Background: Bronchopulmonary dysplasia (BPD) is usually defined as a need for supplemental oxygen at 36 weeks after conception. Functional data on endothelin-1 action suggests that endothelin-1 is not only a marker but also a mediator of respiratory disease in newborn infants including BPD.
Objective: The aim of this study was to evaluate the value of endothiline-1 as a biomarker that predicts early diagnosis of bronchopulmonary dysplasia in preterm neonates with respiratory distress syndrome (RDS).
Patients and Methods: This study was conducted as prospective study in Neonatal Intensive Care Unit, Zagazig University Hospital, Zagazig, Egypt in the period between April 2018 and October 2018. The study included 39 preterm neonates, (22 males and 17 females) with gestational age of 28-35 weeks who were diagnosed as having respiratory distress syndrome based on clinical and radiological findings.

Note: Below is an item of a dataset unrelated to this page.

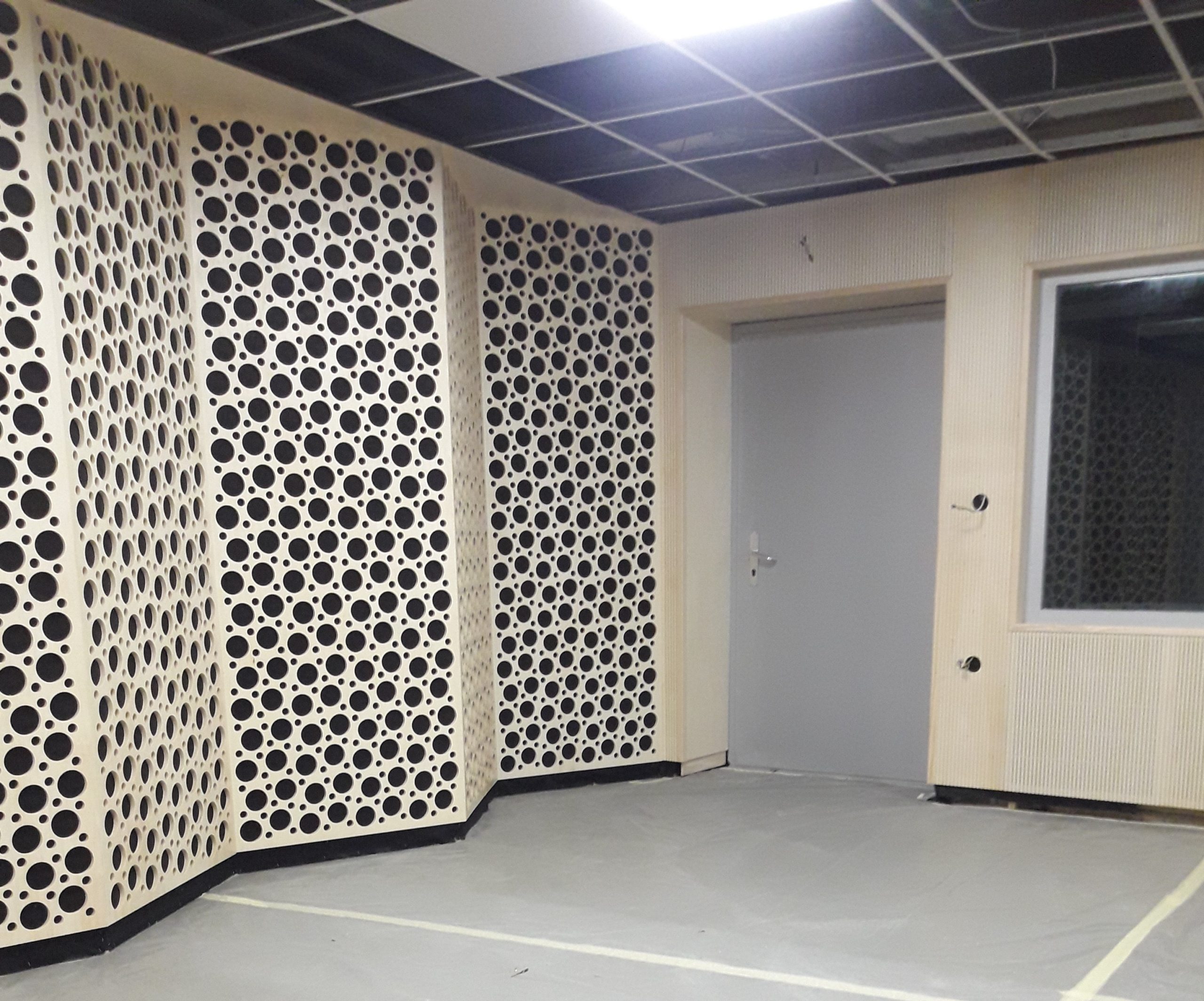 Za naknadne izboljšave v obstoječih prostorih pa izvajamo celovite projekte vključujoč meritve, načrtovanje in izvedbe sanacij prostorske akustike.

Results: In the present study, cases group had significant lower gestational age 30.22 ± 1.81 week & birth weight 1.35 ± 0.22 Kg compared to the control group 34.58 ± 2.19 weeks & 1.69 ± 0.38 Kg respectively. In the present study, there was no significant difference between study and control groups as regards Apgar score at 1 & 5 minutes, gender and mode of delivery. Also, serum endothelin-1 level was done at day 3 of postnatal life and it was significantly higher in neonates who developed BPD later in life (435.29 ± 172.83 ng/l) compared to the control group with no BPD (304.32 ± 54.46 ng/l). Neutrophil count on day 3 of life was positively correlated with level of endothelin-1.
Conclusion: Our findings indicated that high serum levels of endothelin-1 at day 3 of life was associated with later development of bronchopulmonary dysplasia.